Question

In: Statistics and Probability

1. The weight of 6-week-old poults (juvenile turkeys) are normally distributed with a mean 8.6 pounds...

1. The weight of 6-week-old poults (juvenile turkeys) are normally distributed with a mean 8.6 pounds and standard deviation 1.9 pounds. Find the first quartile of the weight.

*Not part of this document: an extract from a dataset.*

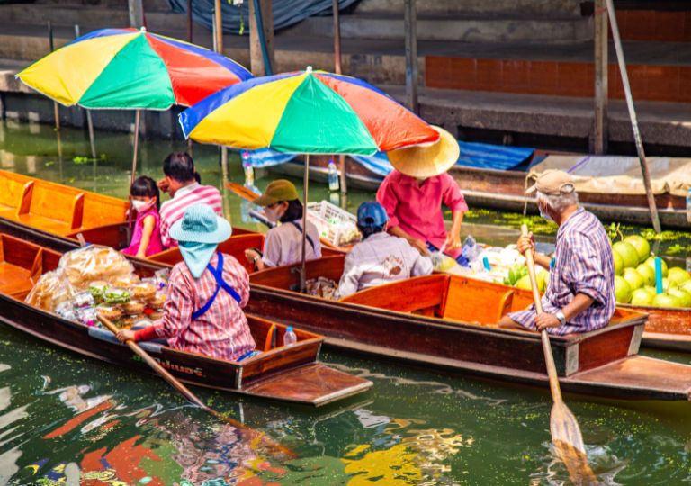 Partenza dall’hotel ore 07:30 in minivan verso la provincia di Samut Songkhram, a circa 70 km da Bangkok. Come prima tappa si visiterà la stazione ferroviaria di Mae Khlong, famosa per il mercato che si sviluppa lungo i binari, dove si potrà assistere al passaggio del treno tra le bancarelle. Dopo la visita, ci si sposterà nella provincia di Ratchaburi, a circa 20 km a nord, per raggiungere il Mercato Galleggiante di Damnoen Saduak. A bordo di una motolancia si navigheranno i canali fino al mercato, animato da numerose barche colme di prodotti. Dopo una sosta per esplorare il mercato, si rientrerà a Bangkok nel primo pomeriggio. Resto della giornata libero. Cena libera e pernottamento in hotel.

A) 8.80 lb B) 8.06 lb C) 6.60 lb D) 7.33 lb

2. A gardener buys a package of seeds. Eighty-seven percent of seeds of this type germinate. The gardener plants 130 seeds. Approximate the probability that 81% or more seeds germinate.

A) 0.9761 B) 0.9884 C) 0.9904 D) 0.9842

3. A population has a standard deviation σ = 20.2. How large a sample must be drawn so that a 95% confidence interval for μ will have a margin of error equal to 4.2?

4. A college admissions officer takes a simple random sample of 120 entering freshmen and computes their mean mathematics SAT score to be 448. Assume the population standard deviation is 116. Based on a 98% confidence interval for the mean mathematics SAT score, is it likely that the mean mathematics SAT score for entering freshmen class is greater than 464? (Hint: you should first construct the confidence interval for the mean mathematics SAT score.). Answer Yes or No and give the reasoning for your answer.

Solutions

Expert Solution

Question 1

X ~ N ( µ = 8.6 , σ = 1.9 )
P ( X < x ) = 25% = 0.25
To find the value of x
Looking for the probability 0.25 in standard normal table to calculate Z score = -0.6745
Z = ( X - µ ) / σ
-0.6745 = ( X - 8.6 ) / 1.9
X = 7.33
P ( X < 7.33 ) = 0.25

D) 7.33 lb

Question 2

Condition check for Normal Approximation to Binomial
n * P >= 10 = 130 * 0.87 = 113.1
n * (1 - P ) >= 10 = 130 * ( 1 - 0.87 ) = 16.9

Using Normal Approximation to Binomial
Mean = n * P = ( 130 * 0.87 ) = 113.1
Variance = n * P * Q = ( 130 * 0.87 * 0.13 ) = 14.703
Standard deviation = √(variance) = √(14.703) = 3.8344

P ( X >= 105.3 )
Using continuity correction
P ( X > n - 0.5 ) = P ( X > 105.3 - 0.5 ) =P ( X > 104.8 )

X ~ N ( µ = 113.1 , σ = 3.8344 )
P ( X > 104.8 ) = 1 - P ( X < 104.8 )
Standardizing the value
Z = ( X - µ ) / σ
Z = ( 104.8 - 113.1 ) / 3.8344
Z = -2.16
P ( ( X - µ ) / σ ) > ( 104.8 - 113.1 ) / 3.8344 )
P ( Z > -2.16 )
P ( X > 104.8 ) = 1 - P ( Z < -2.16 )
P ( X > 104.8 ) = 1 - 0.0158
P ( X > 104.8 ) = 0.9842

D) 0.9842

Question 3

Sample size can be calculated by below formula
n = (( Z(α/2) * σ) / e )2
n = (( Z(0.05/2) * 20.2 ) / 4.2 )2
Critical value Z(α/2) = Z(0.05/2) = 1.96
n = (( 1.96 * 20.2 ) / 4.2 )2
n = 89
Required sample size at 95% confident is 89.

Question 4

Confidence Interval :-
X̅ ± Z( α /2) σ / √ ( n )
Z(α/2) = Z (0.02 /2) = 2.326
448 ± Z (0.02/2 ) * 116/√(120)
Lower Limit = 448 - Z(0.02/2) 116/√(120)
Lower Limit = 423.3693
Upper Limit = 448 + Z(0.02/2) 116/√(120)
Upper Limit = 472.6307
98% Confidence interval is ( 423.3693 , 472.6307 )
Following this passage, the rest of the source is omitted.